** Opening Given information block **

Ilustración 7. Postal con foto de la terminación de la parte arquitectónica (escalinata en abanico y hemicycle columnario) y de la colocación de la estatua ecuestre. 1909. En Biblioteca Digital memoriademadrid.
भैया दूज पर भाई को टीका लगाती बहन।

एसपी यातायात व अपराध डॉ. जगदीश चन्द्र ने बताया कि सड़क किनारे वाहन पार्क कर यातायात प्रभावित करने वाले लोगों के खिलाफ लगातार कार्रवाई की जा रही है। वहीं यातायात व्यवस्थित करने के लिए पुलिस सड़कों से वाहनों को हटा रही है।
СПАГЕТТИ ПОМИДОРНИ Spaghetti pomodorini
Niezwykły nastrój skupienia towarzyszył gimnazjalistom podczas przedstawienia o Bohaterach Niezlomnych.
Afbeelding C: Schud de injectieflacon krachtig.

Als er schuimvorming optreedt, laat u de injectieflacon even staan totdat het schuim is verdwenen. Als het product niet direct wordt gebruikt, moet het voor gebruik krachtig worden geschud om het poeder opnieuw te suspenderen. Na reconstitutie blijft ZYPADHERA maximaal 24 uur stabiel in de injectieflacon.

** Closing Given information block **
** Opening Given information block **

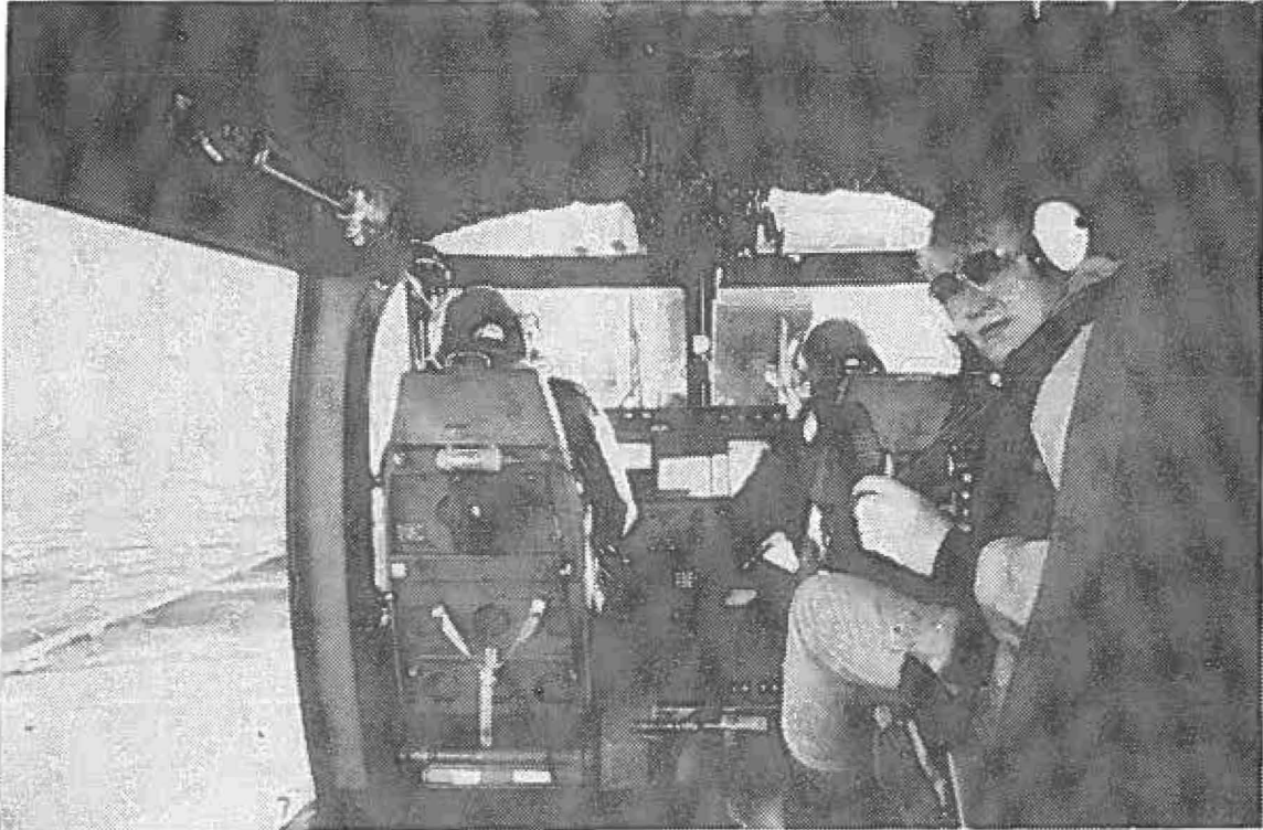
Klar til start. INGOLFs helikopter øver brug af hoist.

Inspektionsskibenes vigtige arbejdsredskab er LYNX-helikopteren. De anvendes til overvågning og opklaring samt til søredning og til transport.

** Closing Given information block **
** Opening Given information block **

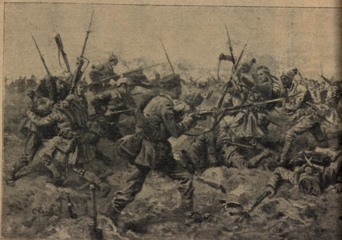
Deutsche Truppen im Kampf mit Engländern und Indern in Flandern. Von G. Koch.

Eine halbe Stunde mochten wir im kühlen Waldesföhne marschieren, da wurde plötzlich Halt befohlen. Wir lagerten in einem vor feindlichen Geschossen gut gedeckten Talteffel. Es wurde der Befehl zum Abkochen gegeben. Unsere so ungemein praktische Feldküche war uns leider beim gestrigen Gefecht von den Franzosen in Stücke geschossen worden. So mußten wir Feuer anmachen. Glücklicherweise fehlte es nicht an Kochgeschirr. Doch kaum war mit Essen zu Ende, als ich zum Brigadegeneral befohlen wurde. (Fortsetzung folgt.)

** Closing Given information block **

Requirement:
After locating the line with "Afbeelding C: Schud" in the material above, return it and each line after it exactly, ending at the line with "Als er schuimvorming".

Your solution:
Afbeelding C: Schud de injectieflacon krachtig.

Als er schuimvorming optreedt, laat u de injectieflacon even staan totdat het schuim is verdwenen. Als het product niet direct wordt gebruikt, moet het voor gebruik krachtig worden geschud om het poeder opnieuw te suspenderen. Na reconstitutie blijft ZYPADHERA maximaal 24 uur stabiel in de injectieflacon.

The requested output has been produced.